We acknowledge that any international body responsible for health governance must recognize and address the inequalities in financial capacity and health outcomes found between the global North and South. However, it should not perpetuate such a divide ontologically through its narratives (Sastry & Lovari, 2017). As the world’s authority of health information sources, the WHO ought to prioritize the presentation of scientific facts rather than political rhetoric. Factual information about a new disease or virus matters not only to public understanding but also to public health and policymaking.

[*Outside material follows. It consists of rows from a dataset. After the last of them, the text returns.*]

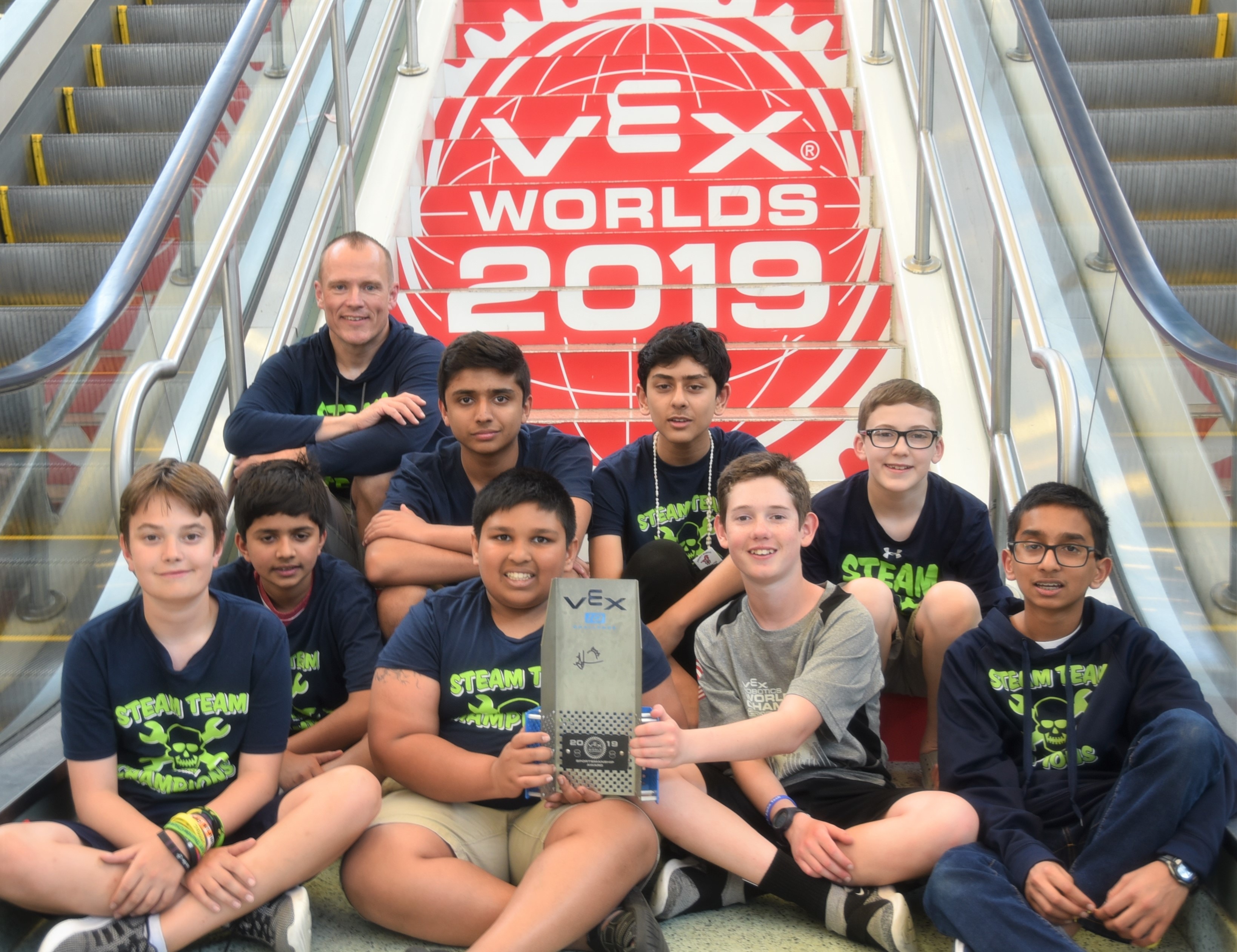 The teams competed in a four day competition where they engaged in a series of robotic engineering challenges including timed challenges with customized robots. This year’s competition included 23,000 VEX IQ teams with over 800 teams at the VEX IQ World Championship. There were over 30,000 people in attendance at the world championship from 46 different countries. Team 99900, a Canadian team from Ontario, is this year’s VEX IQ World Champion.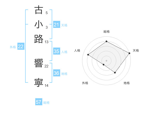 古小路 響寧さんの総格は57画の4点!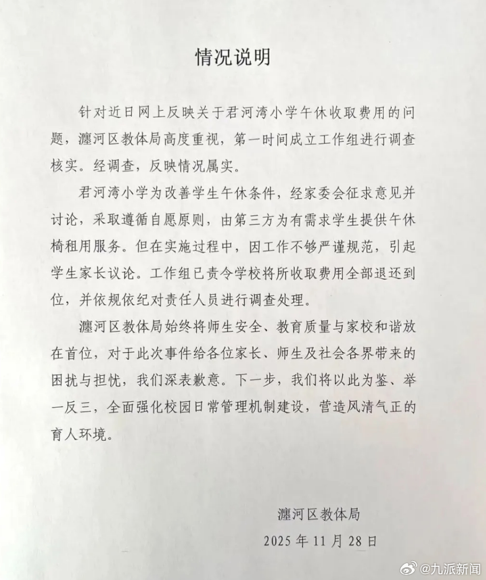 君河湾小学为改善学生午休条件,经家委会征求意见并讨论,采取遵循自愿原则,由第三方为有需求学生提供午休椅租用服务。但在实施过程中,因工作不够严谨规范,引起学生家长议论。工作组已责令学校将所收取费用全部退还到位,并依规依纪对责任人员进行调查处理。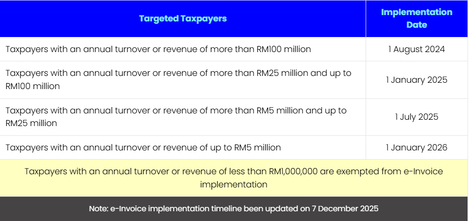 | July 2025 | Businesses with revenue above RM500,000 |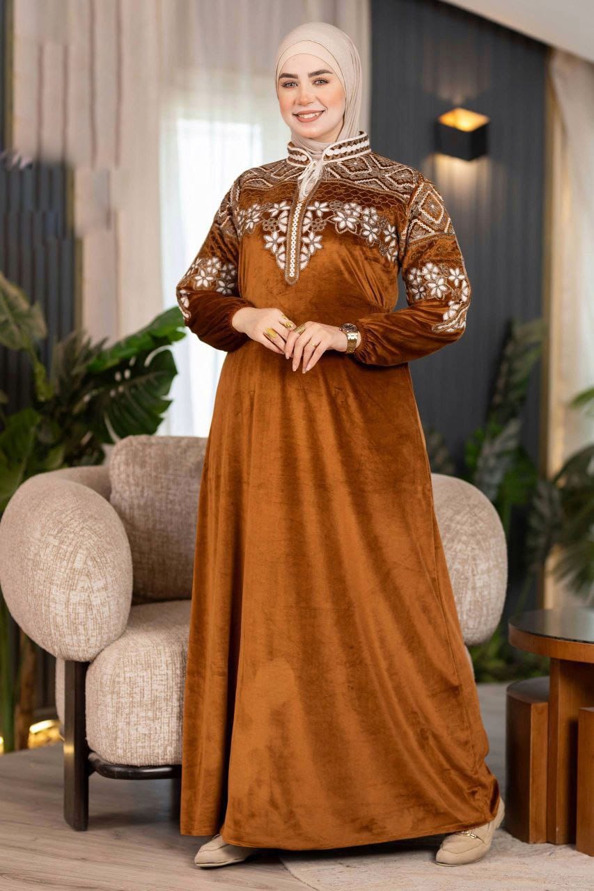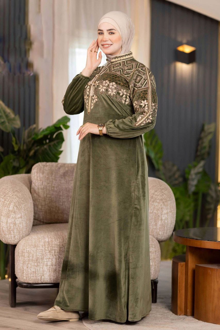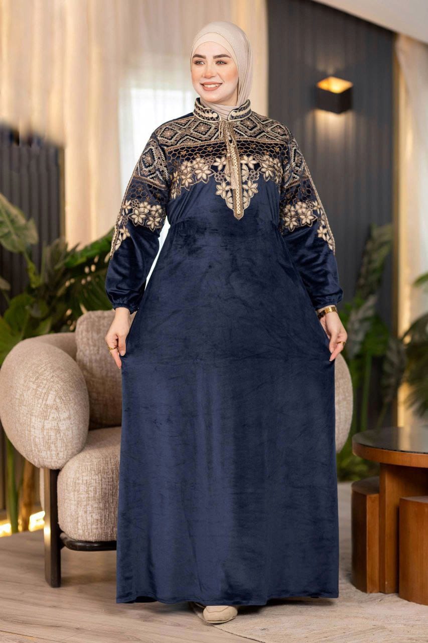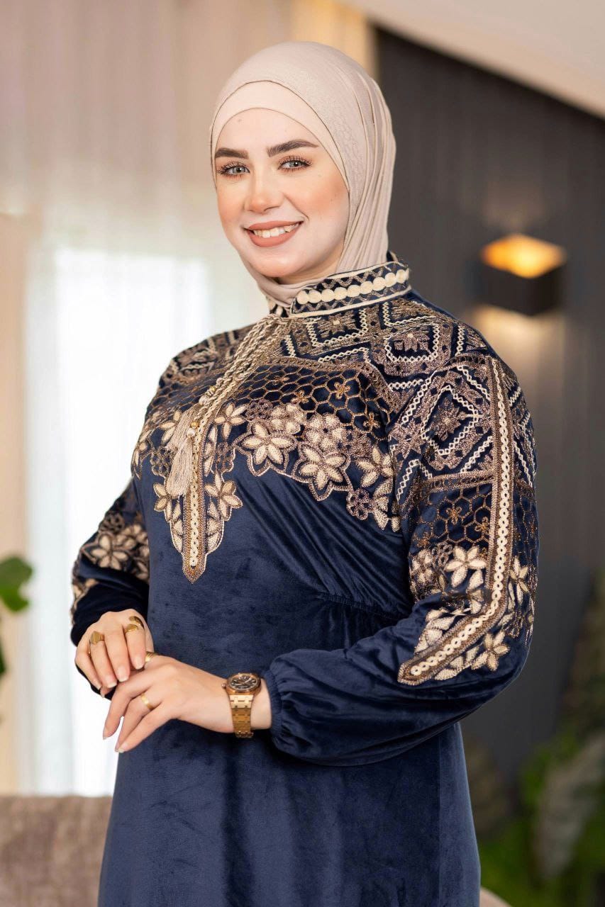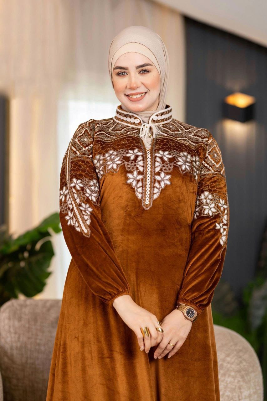 Luxurious abaya made of premium Heidi velvet, featuring shimmering thread embroidery on the chest and sleeves for a refined feminine look.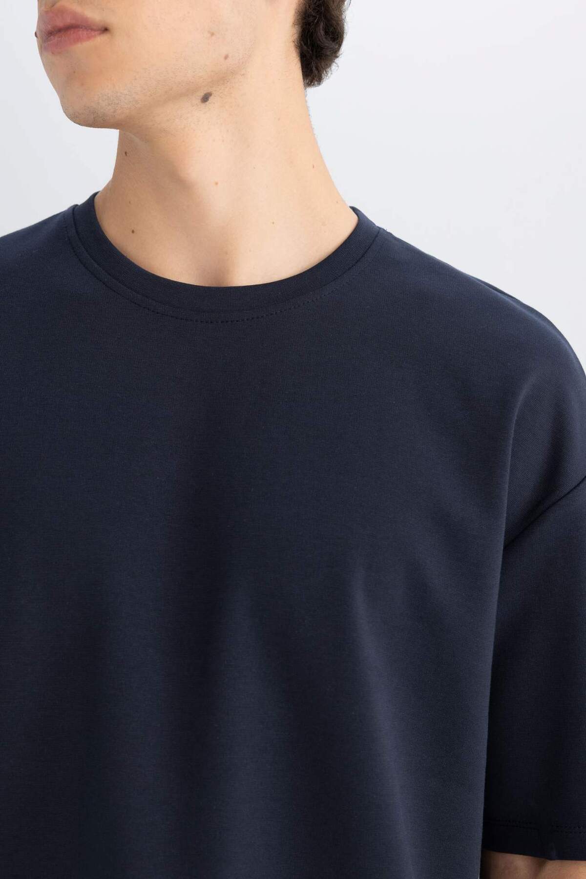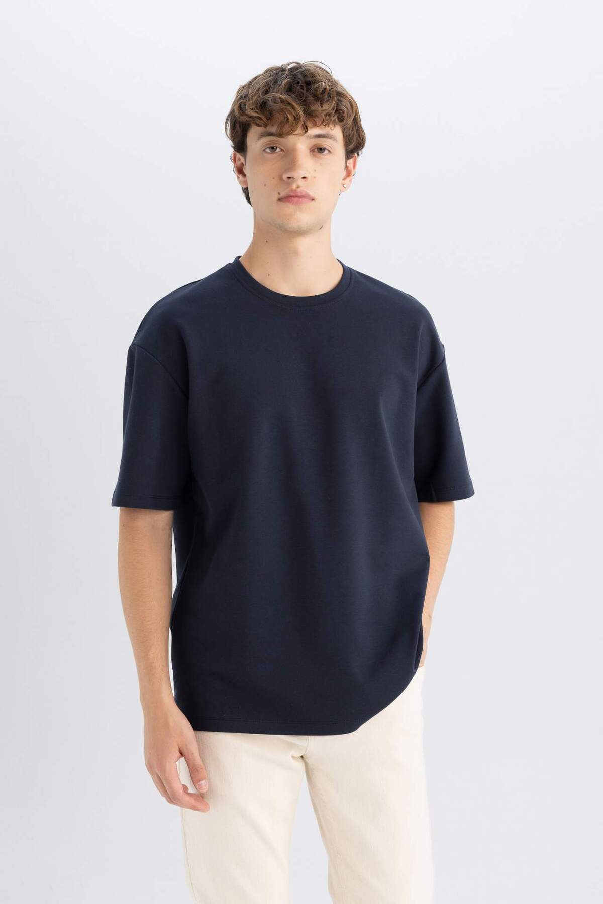 خرید اینترنتی تی شرت پارچه ای ساده ساده و آستین کوتاه یقه باکسی فیت خدمه E0225AX24AU برند دفاکتو Defacto اورجینال از DeFacto نمایندگی ترکیه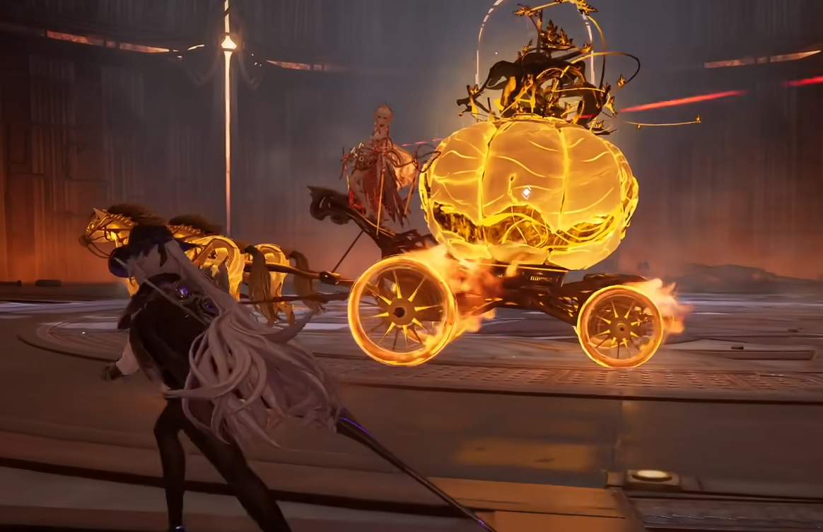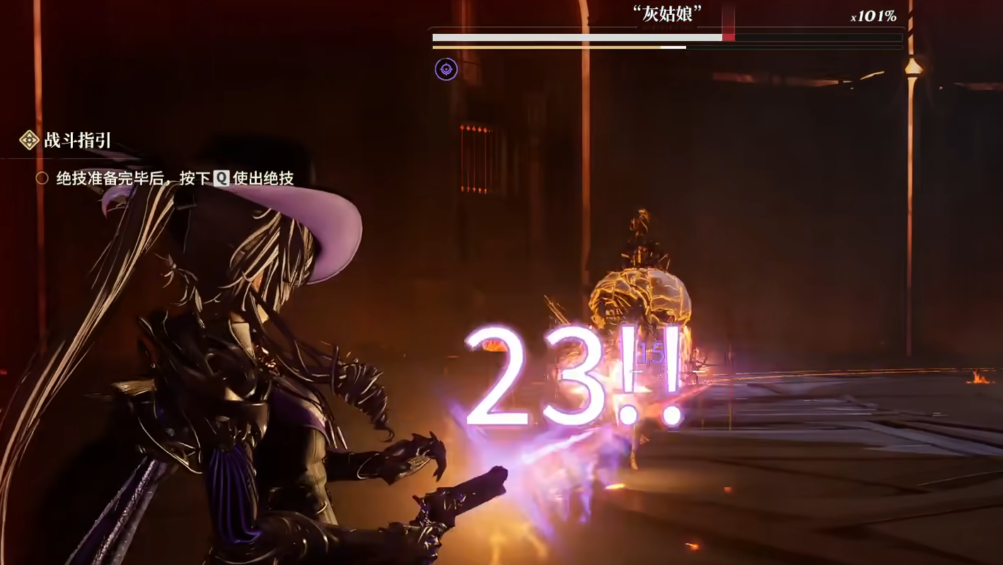灰姑娘登场时具备强视觉压制效果:自高空急速坠落,伴随标志性狂笑,并策马发起首轮冲锋。此时她周身会同步浮现两道环形能量光圈,需立即按下Shift键执行闪避动作。成功规避后,迅速使用冲刺键贴近其本体,衔接普攻连段,可打出可观伤害。需特别注意——她周身环绕的火焰仅为特效表现,不附带实际伤害判定,无需额外位移规避。

One way to avoid the dissemination of partial narratives would be increasing the space for and visibility of other actors and their narratives within and outside the organization. Instead of overwhelmingly only focusing on its member state governments, the WHO can and should pay more attention to both local and international NGOs that are usually in the front line dealing with public health emergencies, and their initiatives for and contributions to global health. Concrete starting points in this vein might be to revisit the text of the WHO’s Framework of Engagement with Non-State Actors and its membership criteria. Our suggestions may be easier said than done, but should serve as a steppingstone along the way to a more sustainable and successful model of world health development.

CRediT authorship contribution statement

Jing-Mao Ho: Conceptualization, Data curation, Visualization, Writing - original draft, Writing - review & editing, Project administration. Yao-Tai Li: Conceptualization, Data curation, Writing - original draft, Writing - review & editing. Katherine Whitworth: Conceptualization, Writing - review & editing.

Declaration of Competing Interest

The authors declare that they have no known competing financial interests or personal relationships that could have appeared to influence the work reported in this paper.

Footnotes

1

We acknowledge that the analysis of media portrayal may produce different results, but this is not the focus of this study.